_WHAT YOU SHOULD DO_
Copy all lines below that use the word "with".

_GIVEN RECORDS_

···

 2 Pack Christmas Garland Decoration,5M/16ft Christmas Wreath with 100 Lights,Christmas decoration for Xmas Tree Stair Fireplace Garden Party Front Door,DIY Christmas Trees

···

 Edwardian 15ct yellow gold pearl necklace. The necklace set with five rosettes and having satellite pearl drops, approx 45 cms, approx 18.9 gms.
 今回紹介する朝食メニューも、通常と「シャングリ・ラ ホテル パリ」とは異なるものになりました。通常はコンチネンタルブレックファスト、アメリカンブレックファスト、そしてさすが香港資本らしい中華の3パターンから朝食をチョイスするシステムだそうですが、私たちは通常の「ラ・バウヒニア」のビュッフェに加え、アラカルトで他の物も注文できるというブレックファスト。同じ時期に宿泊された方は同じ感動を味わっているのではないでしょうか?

···

_THE ANSWER_
 2 Pack Christmas Garland Decoration,5M/16ft Christmas Wreath with 100 Lights,Christmas decoration for Xmas Tree Stair Fireplace Garden Party Front Door,DIY Christmas Trees
 Edwardian 15ct yellow gold pearl necklace. The necklace set with five rosettes and having satellite pearl drops, approx 45 cms, approx 18.9 gms.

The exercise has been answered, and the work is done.